[Extracted data entries]
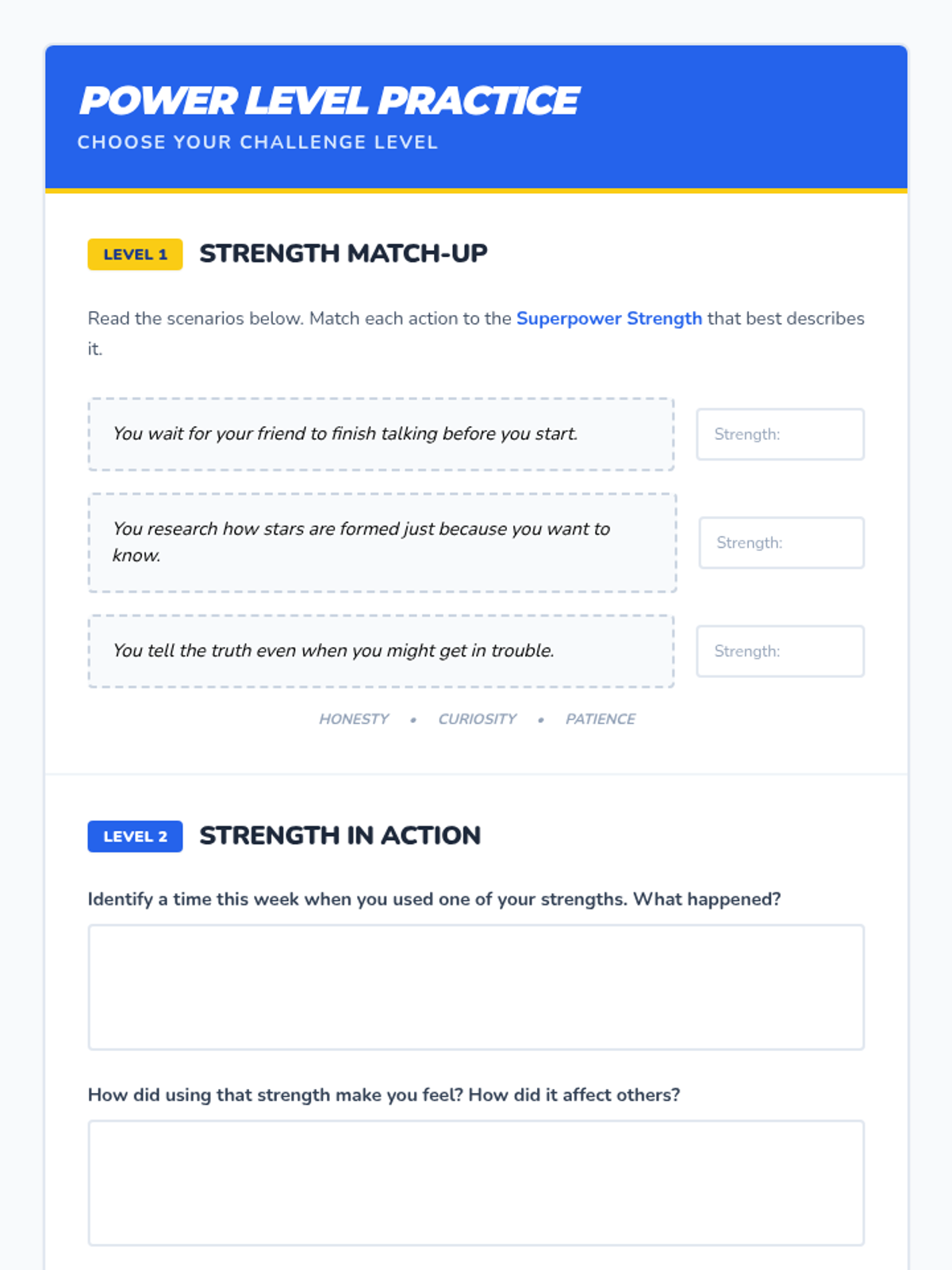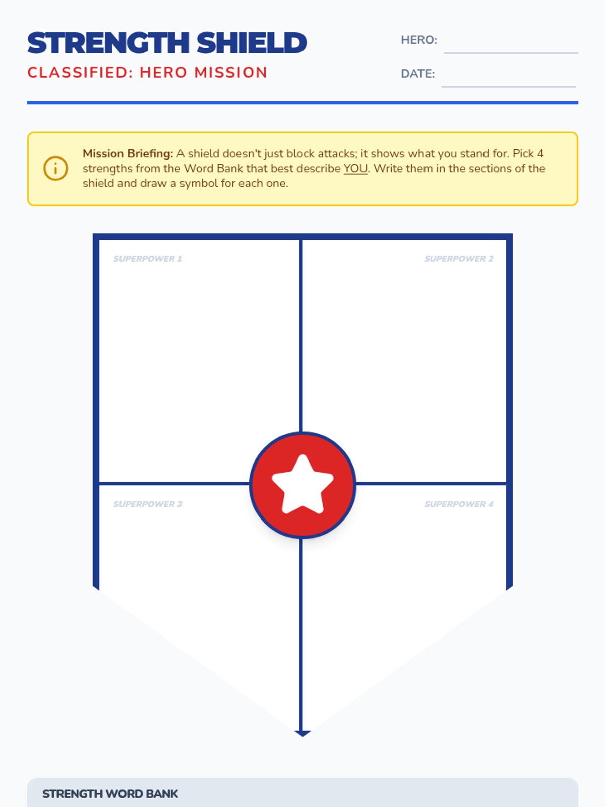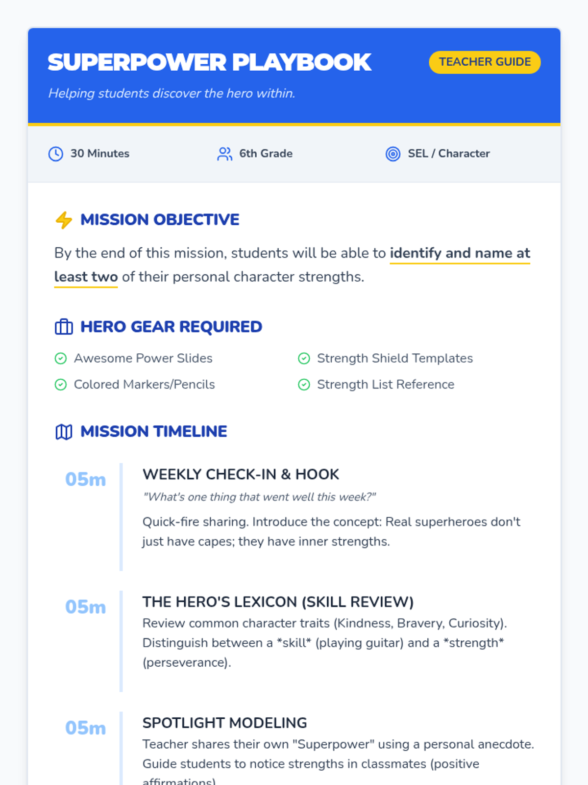 A high-energy SEL lesson where 6th-grade students explore their unique character strengths through a comic book lens, culminating in the creation of a personal 'Strength Shield'.
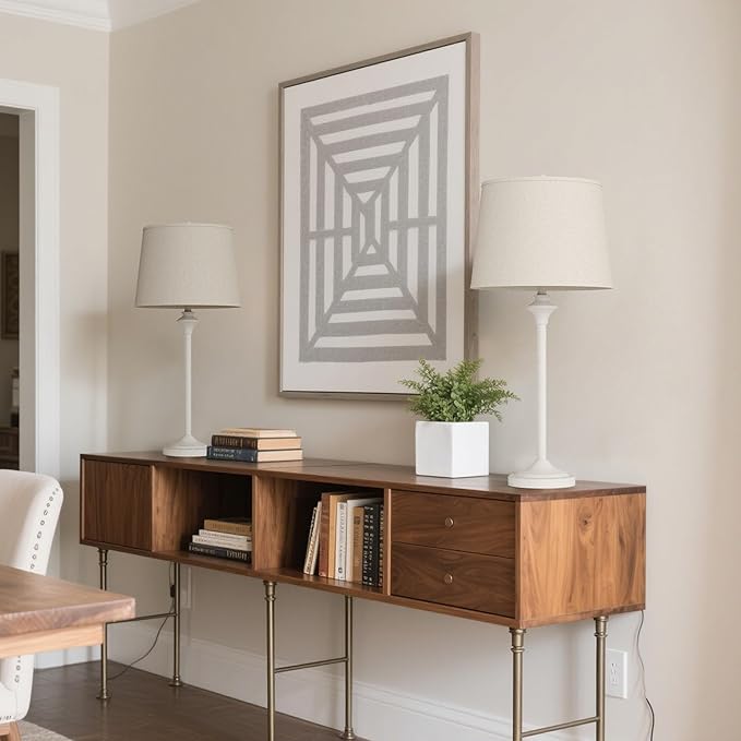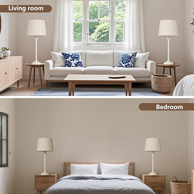 Maxax Farmhouse Table Lamps Set of 2 for Living Room, Antique White Metal Buffet Lamps with Oatmeal Shade Decor, 26" Tall Skinny Bedside Nightstand Lamps for Bedroom
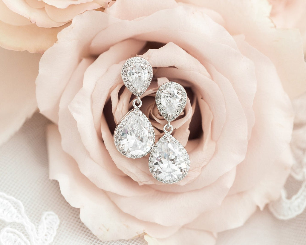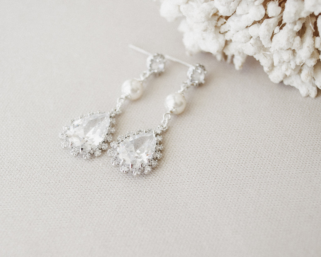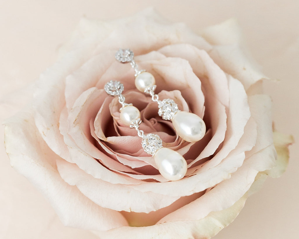 Bridal earrings handcrafted in our Ottawa, Canada studio. Made with freshwater pearls, Austrian crystals, and hypoallergenic precious metals (sterling silver and 14kt gold fill)
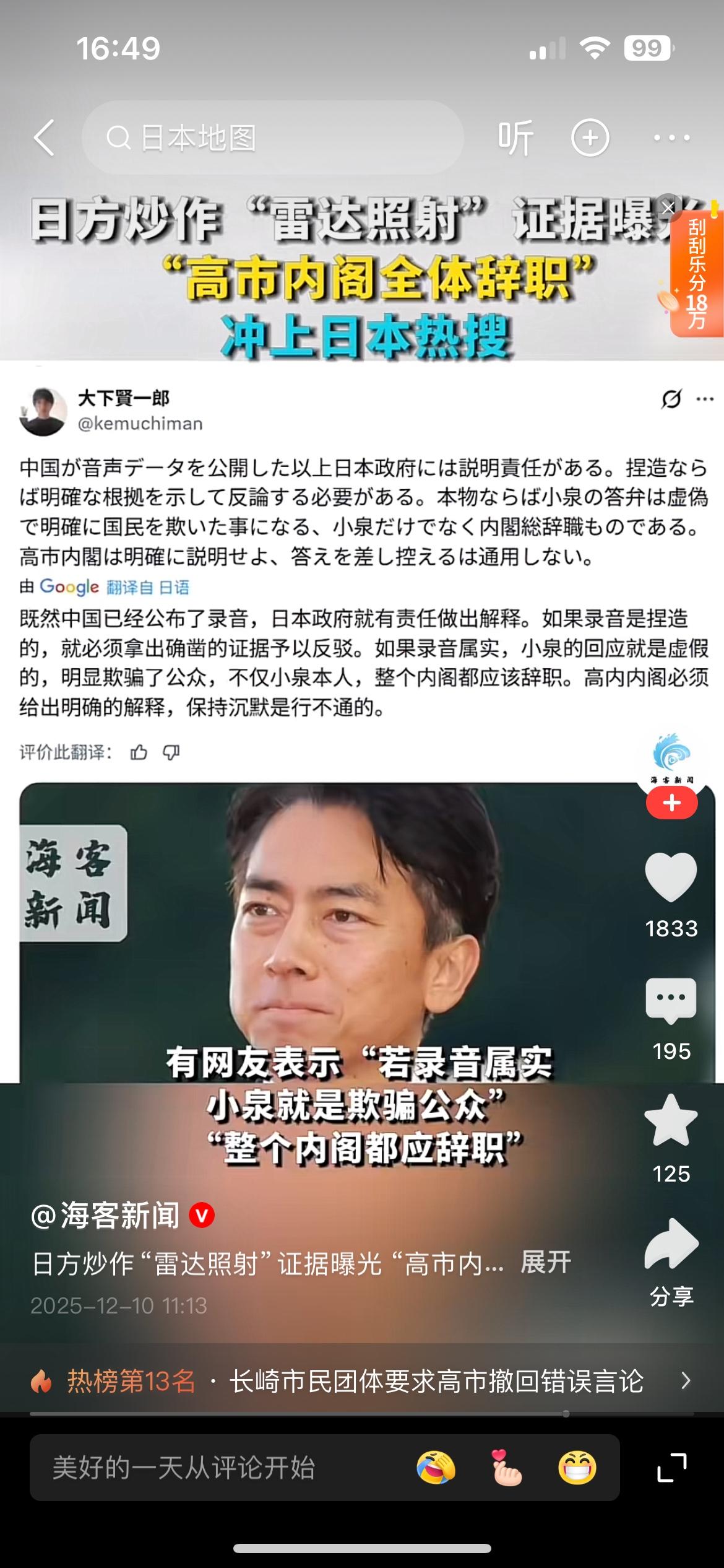 日方炒作“雷达照射”证据曝光,本就是我们通报在先,日方故意滋扰辽宁舰正常训练后,反而倒打一耙。 玉渊潭天的录音证据一公布,日方的撒谎行为暴露无疑,日方回复“我已收到你的信息”这是铁证如山! 小泉近次郎这一下算是“原形毕露”了!既然我们敢公布录音证据,就有十足的把握,小泉近次郎撒谎了恶意炒作无疑。
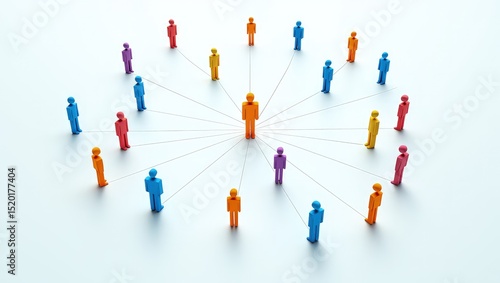 Colorful figures of people interconnected by lines create visual representation of teamwork, networking. Central figure stands out among many individuals leadership, connection. Illustration shows
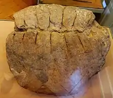 The broadened ribs on Proganochelys show "metaplastic ossification of the dermis".[8] The enlarged ribs suggest that the endochondral rib ossifications were joined by a second ossification instead of having expanded ribs.[8] The 220-million-year-old stem-turtle Odontochelys only has a partially formed shell.[9] Odontochelys is believed to only possess the underside element of a shell known as a plastron. The 5-million-year difference that distinguish Odontochelys from Proganochelys tell us that the evolution of the shell occurred relatively quickly in time.[8] Proganochelys possess both a carapace, the upper formation of the shell, and the plastron, the lower. The shell is believed to be used for protection an enhanced feature for survival. Proganochelys fits well into the order as a turtle, as the shell of Proganochelys is in agreement with the evolution of other stem-turtles.[1]
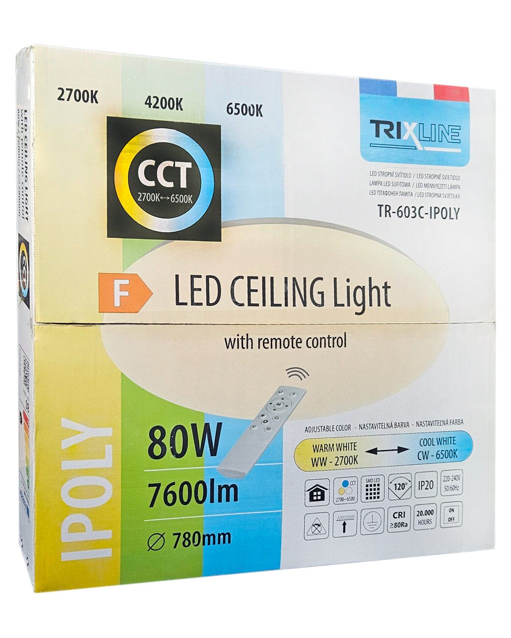 LED sufitowa lampa TR-603C - IPOLY 80W 7600lm ø78cm CCT + pilot Trixline
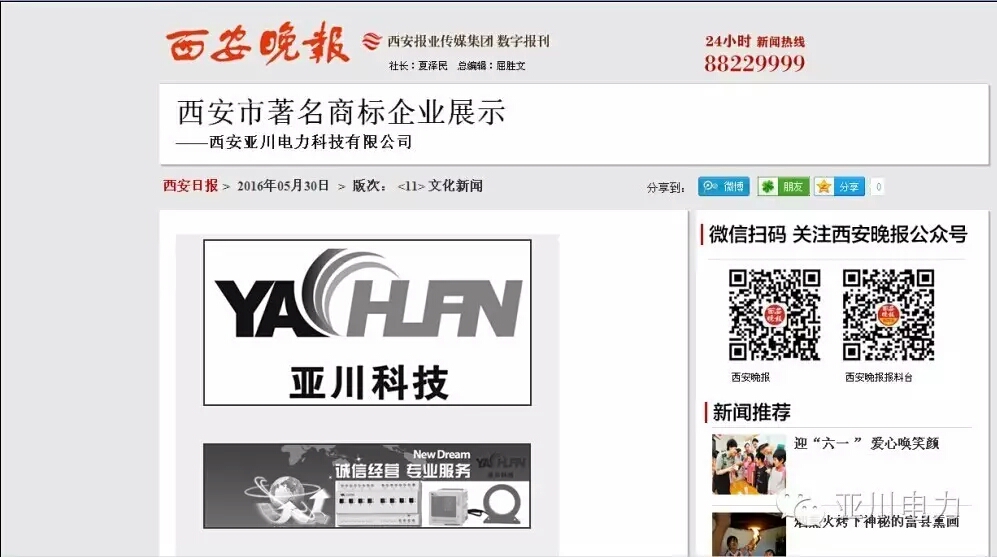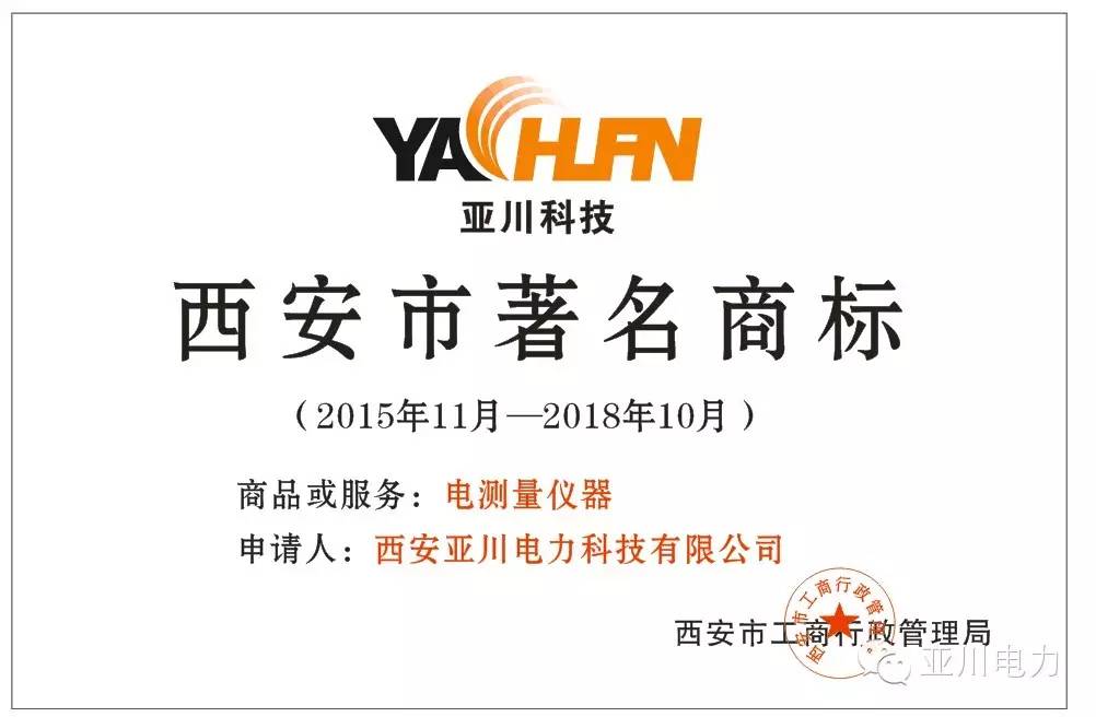 热烈祝贺西安亚川电力荣获“西安市著名商标”称号随着市场经济的日益深入,市场竞争愈加激烈,实施商标战略,对企业的生存和发展越来越凸显它的重要作用。因此,积极争创著...
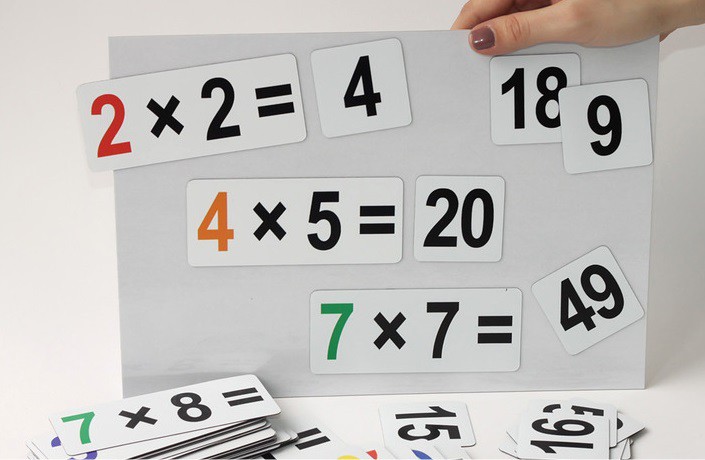 Мы предлагаем задействовать в изучении таблицы умножения ещё и тактильные ощущения, которые играют важную роль в познании мира ребёнком. Мы уверены, что детям понравится примагничивать карточки с примерами и ответами из таблицы умножения к классной доске. Их пальцы вместе с памятью, логикой и сообразительностью обязательно согреют гранит науки!
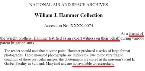 The Hammer Collection is in the posession of the National Air and Space archives of The Smithsonian Institute. The quality of the photos and the fact William J. Hammer was a close friend of the Wrights make it a valued treasure. Ab excerpt of The Smithsonian's description of the Collection's contents can be seen below:
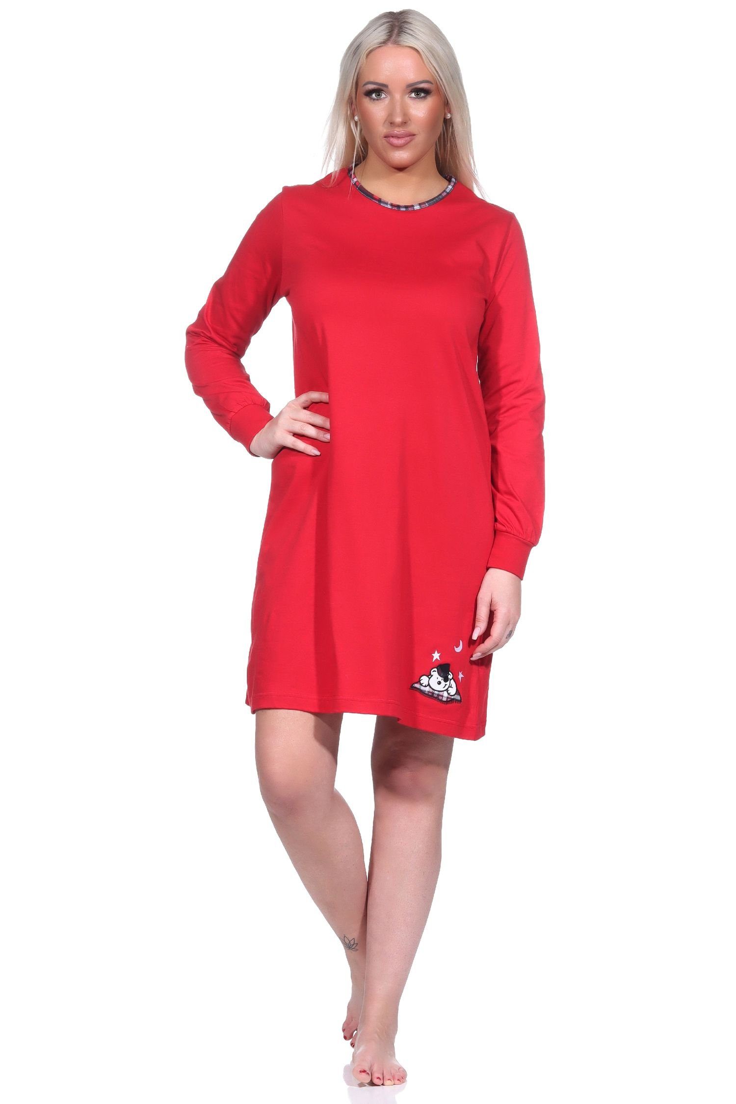 Niedliches Damen Nachthemd langarm mit einem süßem Tier als Motiv aus softem und weichem Single Jersey, Stoff, dadurch ist dieses schön bequem, weich und elastisch.
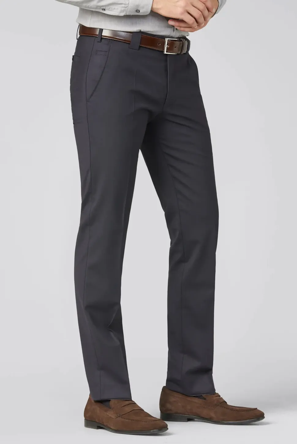 Meyer Roma on hienostunut ja monikäyttöinen housumalli, joka sopii niin bisnes‑ kuin smart casual ‑tyyliin. Huoliteltu leikkaus antaa siistin ja ajattoman ilmeen, kun taas laadukas materiaali takaa kevyen, hengittävän ja miellyttävän käyttötuntuman. Housujen materiaali pitää huolen siitä, että ne laskeutuvat kauniisti ja säilyttävät muotonsa koko päivän — olitpa toimistolla, kokouksessa tai vapaa-ajalla kaupungilla. Hyvin suunnitellut taskut, täydellisesti istuva vyötärö ja viimeistellyt saumat tekevät näistä housuista varman valinnan vaatekaappiin, jossa laatu kohtaa tyylin.
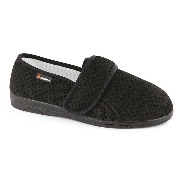 Very comfortable shoe with adjustable closure system for a perfect fit to the size of the foot. Seamless forefoot, ideal for diabetic feet. Removable insole that allows the use of an orthopaedic insole. Honeycomb fabric for optimum breathability and excellent support of the foot. Water resistant. Slightly elastic outer fabric for better adaptation to toe deformities.
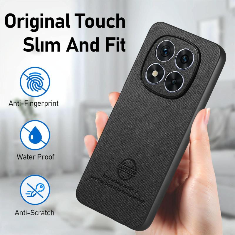 For Redmi Note 14 Pro 5G Twill Fabric Leather Skin Back Phone Case(Black)

Your task: What is needed is an exact reprint of every entry, pictures excluded.

Response to this task:
 A high-energy SEL lesson where 6th-grade students explore their unique character strengths through a comic book lens, culminating in the creation of a personal 'Strength Shield'.
 Maxax Farmhouse Table Lamps Set of 2 for Living Room, Antique White Metal Buffet Lamps with Oatmeal Shade Decor, 26" Tall Skinny Bedside Nightstand Lamps for Bedroom
 Bridal earrings handcrafted in our Ottawa, Canada studio. Made with freshwater pearls, Austrian crystals, and hypoallergenic precious metals (sterling silver and 14kt gold fill)
 日方炒作“雷达照射”证据曝光,本就是我们通报在先,日方故意滋扰辽宁舰正常训练后,反而倒打一耙。 玉渊潭天的录音证据一公布,日方的撒谎行为暴露无疑,日方回复“我已收到你的信息”这是铁证如山! 小泉近次郎这一下算是“原形毕露”了!既然我们敢公布录音证据,就有十足的把握,小泉近次郎撒谎了恶意炒作无疑。
 Colorful figures of people interconnected by lines create visual representation of teamwork, networking. Central figure stands out among many individuals leadership, connection. Illustration shows
 The broadened ribs on Proganochelys show "metaplastic ossification of the dermis".[8] The enlarged ribs suggest that the endochondral rib ossifications were joined by a second ossification instead of having expanded ribs.[8] The 220-million-year-old stem-turtle Odontochelys only has a partially formed shell.[9] Odontochelys is believed to only possess the underside element of a shell known as a plastron. The 5-million-year difference that distinguish Odontochelys from Proganochelys tell us that the evolution of the shell occurred relatively quickly in time.[8] Proganochelys possess both a carapace, the upper formation of the shell, and the plastron, the lower. The shell is believed to be used for protection an enhanced feature for survival. Proganochelys fits well into the order as a turtle, as the shell of Proganochelys is in agreement with the evolution of other stem-turtles.[1]
 LED sufitowa lampa TR-603C - IPOLY 80W 7600lm ø78cm CCT + pilot Trixline
 热烈祝贺西安亚川电力荣获“西安市著名商标”称号随着市场经济的日益深入,市场竞争愈加激烈,实施商标战略,对企业的生存和发展越来越凸显它的重要作用。因此,积极争创著...
 Мы предлагаем задействовать в изучении таблицы умножения ещё и тактильные ощущения, которые играют важную роль в познании мира ребёнком. Мы уверены, что детям понравится примагничивать карточки с примерами и ответами из таблицы умножения к классной доске. Их пальцы вместе с памятью, логикой и сообразительностью обязательно согреют гранит науки!
 The Hammer Collection is in the posession of the National Air and Space archives of The Smithsonian Institute. The quality of the photos and the fact William J. Hammer was a close friend of the Wrights make it a valued treasure. Ab excerpt of The Smithsonian's description of the Collection's contents can be seen below:
 Niedliches Damen Nachthemd langarm mit einem süßem Tier als Motiv aus softem und weichem Single Jersey, Stoff, dadurch ist dieses schön bequem, weich und elastisch.
 Meyer Roma on hienostunut ja monikäyttöinen housumalli, joka sopii niin bisnes‑ kuin smart casual ‑tyyliin. Huoliteltu leikkaus antaa siistin ja ajattoman ilmeen, kun taas laadukas materiaali takaa kevyen, hengittävän ja miellyttävän käyttötuntuman. Housujen materiaali pitää huolen siitä, että ne laskeutuvat kauniisti ja säilyttävät muotonsa koko päivän — olitpa toimistolla, kokouksessa tai vapaa-ajalla kaupungilla. Hyvin suunnitellut taskut, täydellisesti istuva vyötärö ja viimeistellyt saumat tekevät näistä housuista varman valinnan vaatekaappiin, jossa laatu kohtaa tyylin.
 Very comfortable shoe with adjustable closure system for a perfect fit to the size of the foot. Seamless forefoot, ideal for diabetic feet. Removable insole that allows the use of an orthopaedic insole. Honeycomb fabric for optimum breathability and excellent support of the foot. Water resistant. Slightly elastic outer fabric for better adaptation to toe deformities.
 For Redmi Note 14 Pro 5G Twill Fabric Leather Skin Back Phone Case(Black)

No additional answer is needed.